En Afrique du sud, plusieurs régions restent secouées par des mouvements anti étrangers, dénommés Dudula, impliquant certains Sud-Africains qui pourchassent des citoyens migrants africains, qu’ils accusent notamment d’accepter des emplois avec des rémunérations dérisoires. Des Congolais sont, eux aussi, victimes de ce phénomène récurrent, d’où l’appel à la vigilance de la représentation diplomatique à Pretoria.
Dans un communiqué, l’ambassade congolaise au pays de Nelson Mandela a attiré l’attention des ressortissants Congolais vivant au Kwazulu-Natal, au Cap Occidental et dans d’autres régions, les invitant à éviter des attroupements et d’interaction avec les manifestants.
L’ambassade recommande la limitation de déplacements non essentiels, et insiste sur le suivi des informations officielles et sur le renforcement des mesures de sécurité autour des domiciles et lieux d’activité des Congolais.

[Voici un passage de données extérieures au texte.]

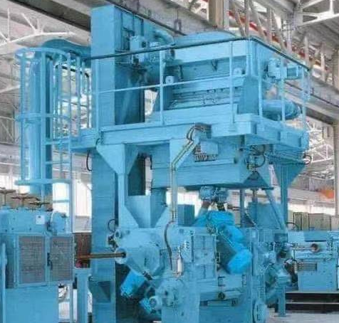 工件由輸送輥道送至封閉的拋丸清理室,利用拋丸器高速旋轉(zhuǎn)的葉輪將彈丸加速拋射至工件表面,對工件表面進(jìn)行沖擊、刮削以清除工件表面的鐵銹和污物,然后利用橫掃、滾刷、收丸螺旋和高壓吹管將工件表面的積丸和浮塵吹掃干凈,由送出輥道送出,從而使鋼材達(dá)到除銹、防銹的目的。
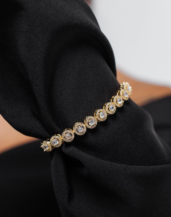 Inspiração da mais alta joalheria. Com mini zircônia e cristais cravejados. Peça que transmite elegância, sofisticação, poder e muito estilo.

«Les opérateurs économiques congolais sont invités à évaluer la nécessité d'ajuster leurs horaires ou de suspendre temporairement leurs activités durant les journées à risque, afin de préserver la sécurité des personnes et des biens, tandis que l'Ambassade demeure en étroite collaboration avec les autorités sud-africaines compétentes pour assurer la protection de nos ressortissants», renchéri la représentation de la RDC.
Des images qui circulent depuis plus d’une semaine, témoignent de la violence physique que les Sud-Africains infligent aux migrants Africains en masse dans plusieurs coins du pays, et qui pourrait s’étendre dans la province du Gauteng en marge de la célébration du freedom day.
En 2008, des attaques contre notamment des Zimbabwéens, Mozambicains, Nigérians, des Congolais et des Somaliens avaient fait plus de 60 morts à Johannesburg, au Cap et à Durban. Entre 2015, 2019 et 2022, des nouvelles attaques avaient dégénéré, faisant des pillages des commerces tenus par des étrangers noirs, souvent accusés d’être dans les réseaux de drogue, prostitution et vols.